Whole-Language 'Subversives' Use Covert Spelling Tests

AFTER California adopted the whole-language method of reading instruction in 1987, all grammar and spelling books were thrown out of the classroom.

At Heliotrope Elementary School in Los Angeles, teachers were told not to give spelling tests anymore but to design spelling lists for each student individually. "Whoever came up with that idea doesn't know what it's like to be in the classroom," says Patty Abarca, a teacher at the school. "I have 32 kids in my classroom, and I'm supposed to have 32 different lists?"

Some teachers at the school started closing their classroom doors and giving secret spelling tests. "It became almost a subversive activity," Ms. Abarca says. At Toland Way Elementary in Los Angeles, administrators held fundraisers so they could buy spelling books after the state stopped authorizing them.

At its most extreme, the whole-language philosophy allows students to use "invented spelling" so that they can write freely without constant correction. Rather than correcting students, teachers help students pick up the proper word spelling over time.

The whole-language approach advocates surrounding students with books and encouraging them to write as early as possible without stressing the rules of the language as is done through phonics instruction.

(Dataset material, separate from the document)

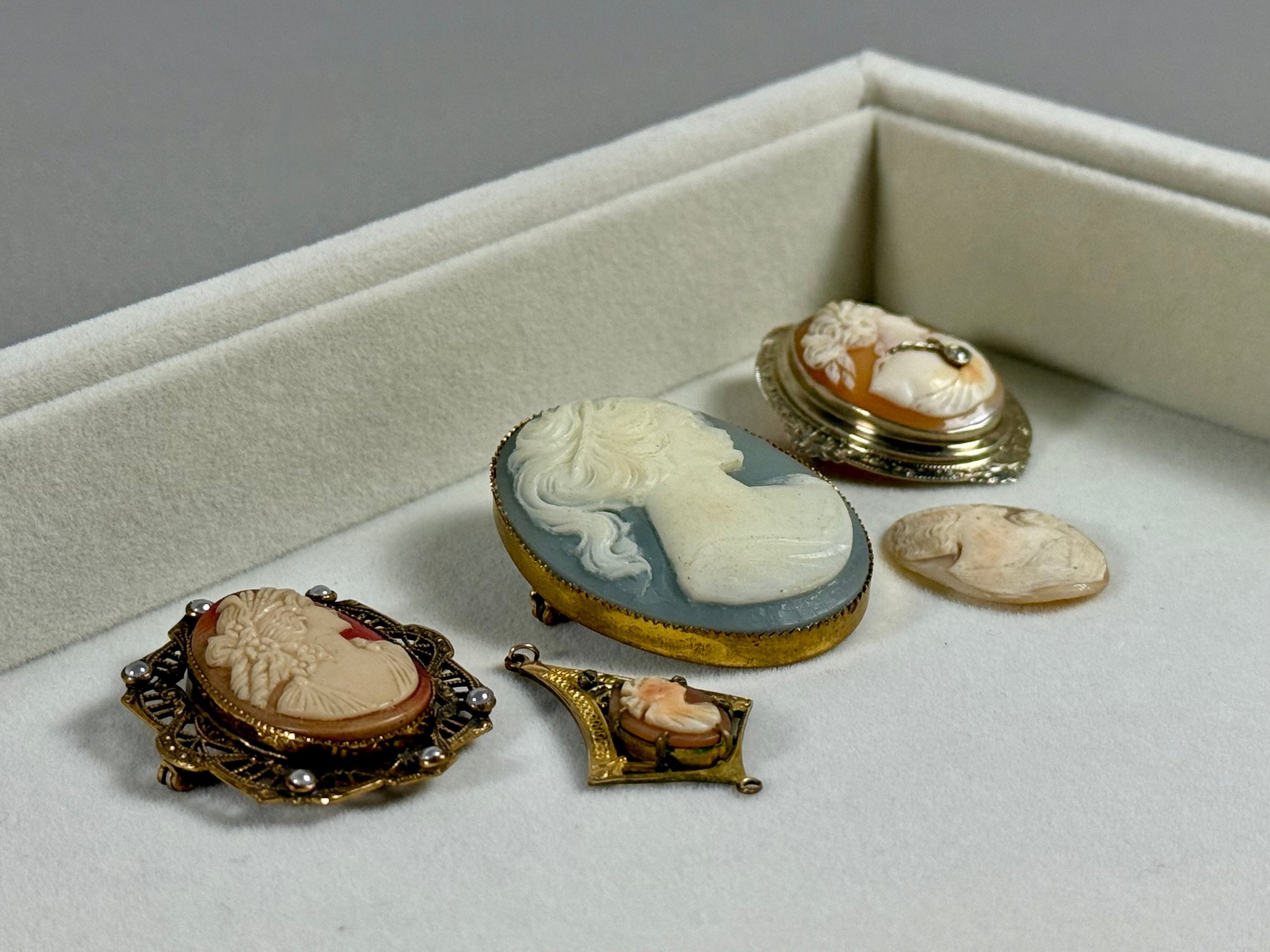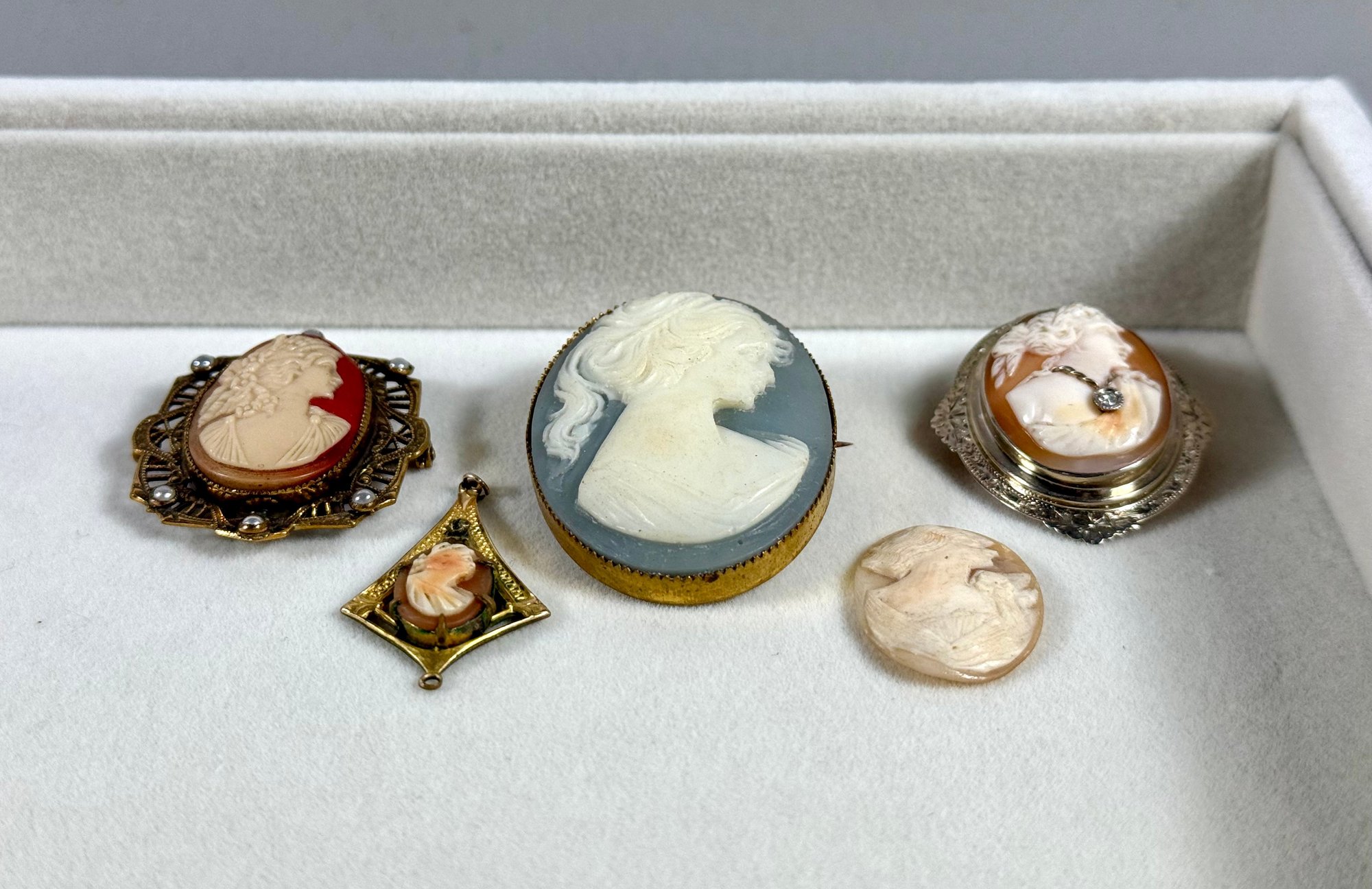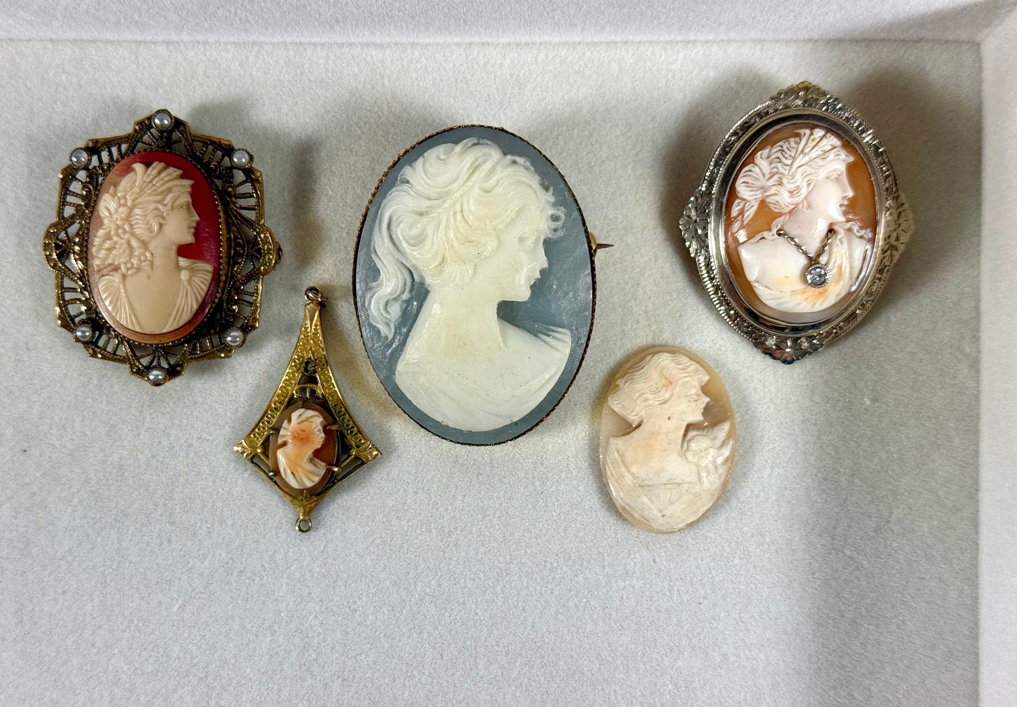 Five Antique Cameo Brooches

Whole language teaches that children learn to read the same way they learn to talk - as a natural course of daily interaction with language.

Whole-language advocate and University of Arizona professor Kenneth Goodman calls phonics a "reduction of language to letters and sounds" and views whole-language as providing "authentic language activities."

"The idea was to go directly into reading for meaning and for enjoyment," says Jeanne Chall of Harvard University in Cambridge, Mass. "But reading is not the same as learning a language. Reading has to be taught, and in countries where people do not go to school, they have high rates of illiteracy. Somebody has to teach you what those squiggles mean."